Wednesday, June 5, 2024

The AI Business Stack

Most observers probably expect that artificial intelligence will produce some combination of new features for existing functions (image processing, speech to text, language translation, summarization, search, content creation, editing, shopping, research) as well some new use cases that could well produce entirely-new firms, industries and revenue streams. 


It is logical that AI will be used to improve existing products such as Apple’s Siri or Google search, by making existing functions “smarter and faster.”


But entirely-new firms and industries are more likely to be built, one might argue, in a different way, using AI agents, which arguably are better at tasks where lots of unstructured data and relationships between data are involved. 

source: Ark Invest 


To use an analogy, think of the difference between random access memory and sequential access memory. In the early days of the personal computer, that difference was between disk drives and tape drives. 


Or think of programmed processors such as application-specific integrated circuits or field-programmable gate arrays, versus general-purpose central processing units. 


In the pre-recorded music use case, think of tape drives versus compact discs or streaming delivery. While it is possible to pick a single song off a tape, there is substantial winding or rewinding time. With CD or streaming access, there is little to no navigation required, to say nothing of the “discovery of content” function. 


Other similar analogies are possible. Think of live or pre-recorded linear television (broadcast or streamed) versus on-demand video, where one experience is scheduled and linear; the other built on-demand access allowing users to skip around a catalog to make choices. 


The point is that AI agents might resemble general-purpose CPUS instead of ASICs; random access memory; on-demand audio or video: allowing unstructured operations using unstructured and structured data for unexpected tasks. 


And since investors are so focused on AI opportunities, it might be helpful to liken various AI functions to the standard software “stack.”


OSI Layer

OSI Model Functions

AI Model Functions

Physical Layer

Physical transmission medium (cables, etc.)

Hardware Layer: Physical components like CPUs, GPUs, TPUs that perform AI computations.

Data Link Layer

Packet transmission and error detection

Data Layer: Management of data used to train and operate AI models.
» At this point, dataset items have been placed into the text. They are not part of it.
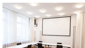
Musikschule, Zürich 2015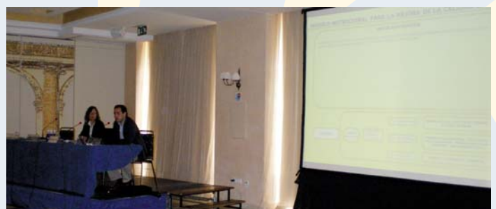
Congreso de dietistas-nutricionistas en Toledo

El comité científico del encuentro se mostró muy interesado en el proyecto y animó a desarrollar iniciativas como ésta, en la que la alimentación se muestra como componente de la felicidad necesaria para tener una buena calidad de vida.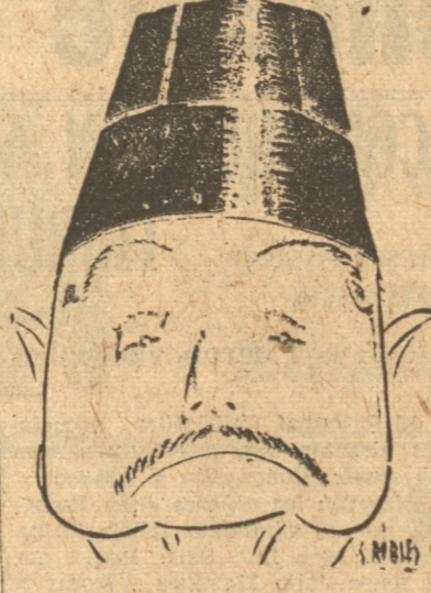
rosas del mundo. Seis mil de sus súbditos viven dedicados a la atención del Sultán y de sus mujeres y familias.

Paku Buwono ostenta con orgullo un centenar de condecoraciones que luce todas sobre su pecho y parte de los costados, porque el hombre es elástico y las condecoraciones grandes. Dicen que Paku Buwono es un hombre de cultura y perfectamente informado de lo que ocurre en el mundo. Sin embargo, se quedó hace poco al Cónsul de los Estados Unidos porque el soberano de este país no le había otorgado ninguna condecoración.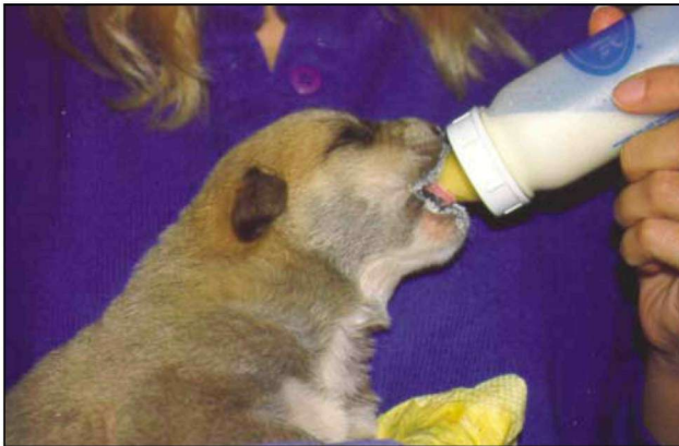
Εικόνα 4. Χορήγηση τροφής με θήλαστρο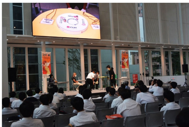
▲昨年度大会の様子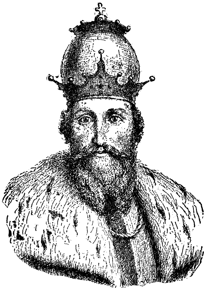
Князь Данило, король Руси.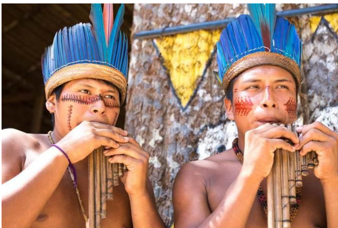
A cultura indígena sobrevive no Brasil através da arte

Na culinária, destaca-se o uso intensivo da mandioca, planta que havia sido domesticada pelos indígenas e que é item obrigatório em vários pratos brasileiros.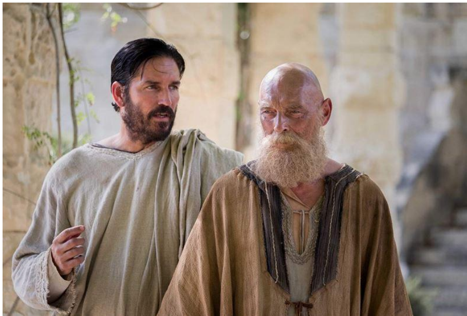
Paulus en zijn vriend Titus.

Met deze brief ging Titus terug naar Korinte. Daar kon hij dan ook een collecte organiseren voor de Christengemeente in Jeruzalem. Om die reden gingen met Titus nog enkele broeders mee. Paulus zou hen volgen, zodra hij kon.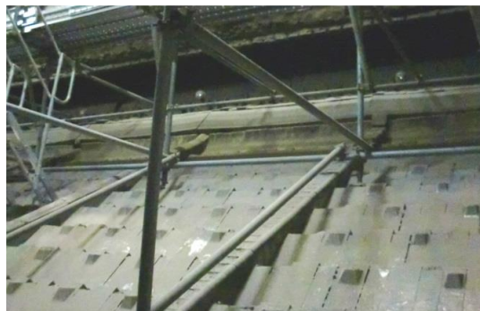
(写真上) 焼却炉の内部です。足場を組んで、内部の清掃や点検補修などを行います。

(写真右) 2月下旬のごみバンカの様子です。 左側の柱の間から、ごみが投入されます。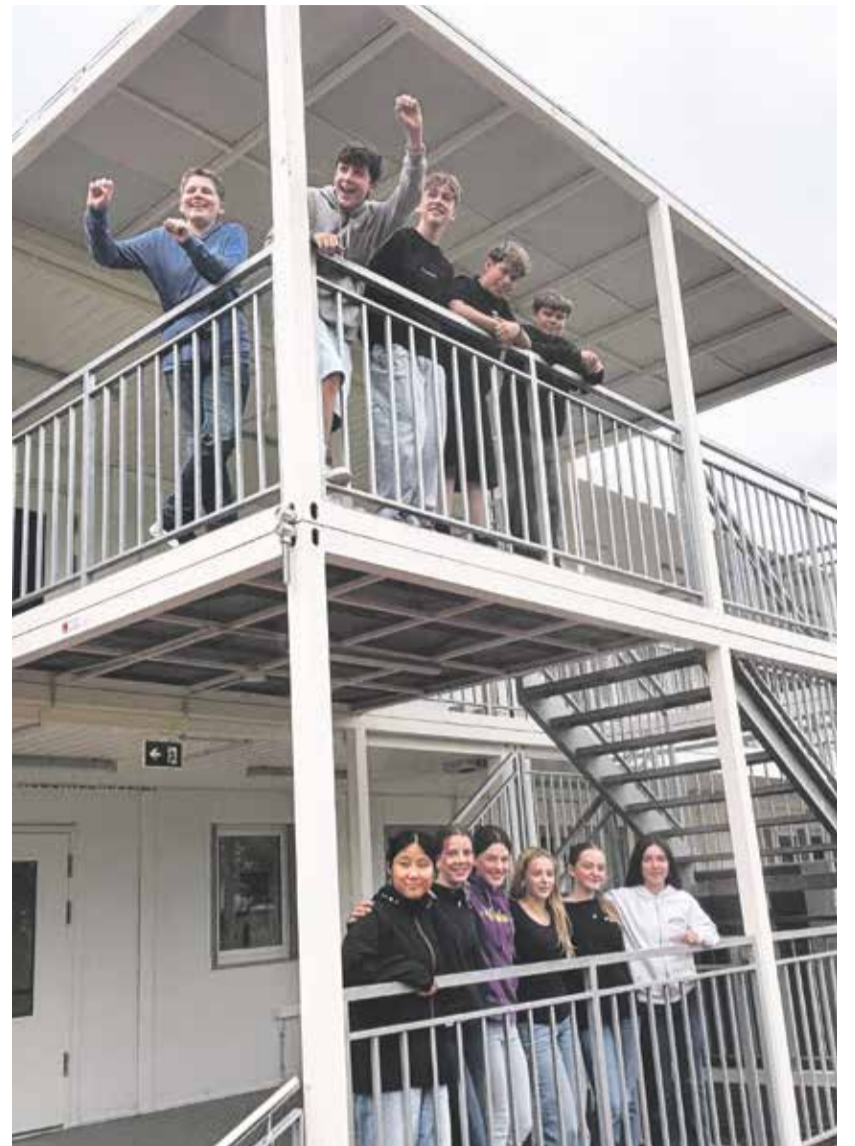
Auch im Provisorium gehen der Jugendredaktion die Geschichten nicht aus.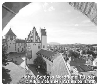
Hohes Schloss Nordflügel Füssen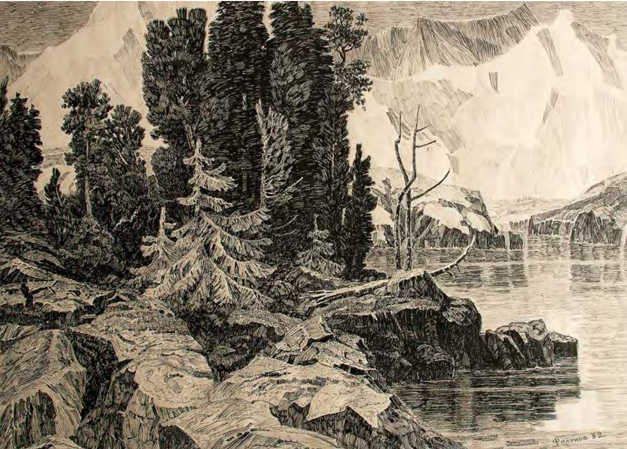
Фёдор Филонов. У белков. Тушь, бумага, перо. 77х98

В Государственном художественном музее открылась выставка, посвященная Дню Победы. В виртуальной экспозиции на сайте музея ( http://ghmak.ru/expo/index.php ) представлены сорок четыре произведения живописи, графики и скульптуры двадцати трех авторов

This includes data pre-processing, cleaning, and formatting.

Network Layer

Routing data packets across networks

System Software Layer: AI frameworks like TensorFlow or PyTorch that provide the structure and tools for building and training models.

Transport Layer

Reliable data transfer between applications

Machine Learning Layer: Machine learning algorithms that power AI models. This includes algorithms for tasks like classification, regression, and natural language processing.

Session Layer

Establishes, manages, and terminates sessions between applications

Model Training and Optimization Layer: The process of training and optimizing the AI model using the chosen algorithms and data.

Presentation Layer

Data presentation and encryption

Model Deployment and Inference Layer: Deploying the trained model and using it to make predictions or decisions on new data.

Application Layer

Provides user interface and network services

AI Application Layer: The actual application where users interact with the AI, such as a virtual assistant, recommendation system, or self-driving car.

Broadly speaking, investment opportunities will occur at every level of the AI stack.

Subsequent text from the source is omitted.